Bishop Rhoades related that just being that near to the pope was an “incredible” experience, and “I knew he was a saint.” Before celebrating Mass, the pope would kneel in prayer in the sacristy, Bishop Rhoades said, “and it was like he was connected to another realm-like in ecstasy.” Even at Mass, the bishop continued, “I felt he had a real connection to God.”

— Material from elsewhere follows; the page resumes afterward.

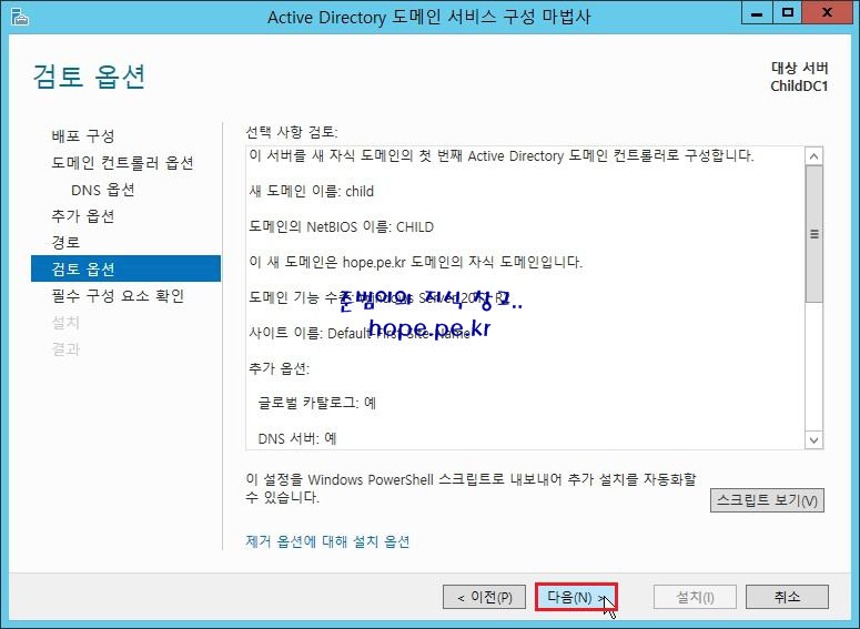 검토 옵션 화면에서, '다음' 을 클릭 합니다.

On a more earthly level, the activities of Marian students were also highlighted on the day that Bishop Rhoades visited the school. After the Mass, Robyn Burroughs of Riley Children’s Hospital, presented an award recognizing the efforts of Marian students to raise over $22,000 to benefit the hospital through dance marathons over the past three years. Seniors Tess Gunty and Laura Herron also were recognized for their national awards in the Scholastic Art and Writing competition: Gunty for creative writing and Herron for photography. Both girls will receive their awards at Carnegie Hall in New York in June.

With 30 clubs active at the school, students have a wide choice to meet their interests, from the Right to Life Club to Speech and Debate, to the Ski Club. Marian also fields 23 varsity sports, with 72 percent of the student body participating in at least one varsity sport.

Bishop Rhoades enjoyed lunch in the Marian cafeteria with student council members before ending his day at Marian in meetings with the theology faculty and Principal Loesch.